[RECORDED DATA — start]

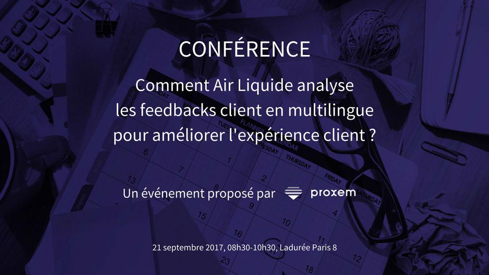 Le jeudi 21 septembre, à 8h30, chez Ladurée, François-Régis Chaumartin, CEO de Proxem, vous présentera le projet d'analyse sémantique en multilingue mené avec Air Liquide pour analyser les feedbacks clients. Vous découvrirez comment l’intelligence artificielle permet de dégager automatiquement les éléments textuels pertinents et d’accélérer les analyses et prises de décisions. Son intervention sera accompagnée des témoignages d'Air Liquide avec Audrey Eudeline, Directrice de l'Expérience Client, et Baudouin Bosquillon De Jenlis, Coordinateur de l'Expérience Client. Ces témoignages seront suivis d’un moment d’échange et de questions autour d’un petit déjeuner proposé par Ladurée.
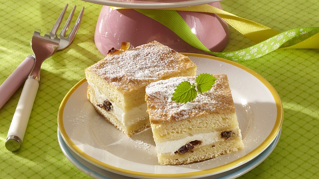 - Rozinky zalijeme rumem a necháme je nabobtnat. Tvaroh rozmícháme s bílky, oběma cukry a citronovou kůrou. Pak vmícháme nabobtnalé rozinky.
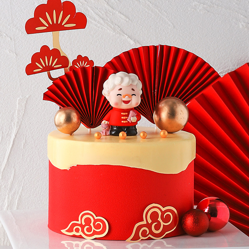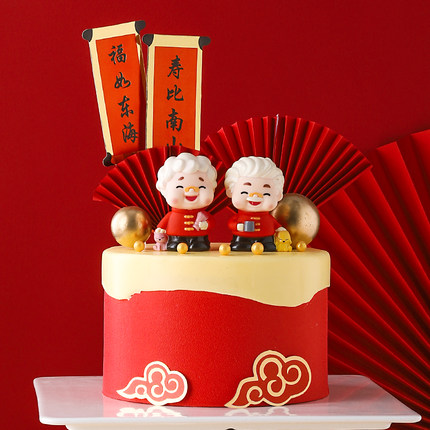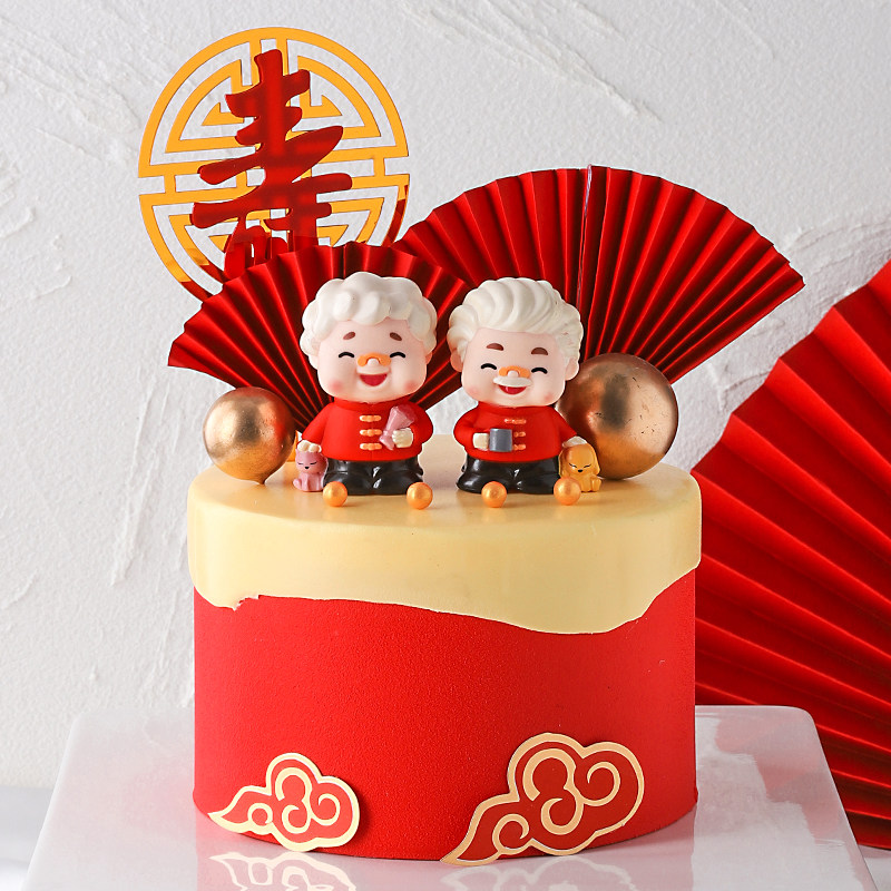 祝寿蛋糕装饰搪胶茶杯爷爷花束奶奶玩偶摆件老人生日贺寿插牌插件

[RECORDED DATA — finish]

▸ **REQUIREMENT**
Your task is to retype exactly the lines that run from the line with "- Rozinky zalijeme" through the last line of the material, with the pictures left out.

▸ **PROBLEM SOLUTION**
 - Rozinky zalijeme rumem a necháme je nabobtnat. Tvaroh rozmícháme s bílky, oběma cukry a citronovou kůrou. Pak vmícháme nabobtnalé rozinky.
 祝寿蛋糕装饰搪胶茶杯爷爷花束奶奶玩偶摆件老人生日贺寿插牌插件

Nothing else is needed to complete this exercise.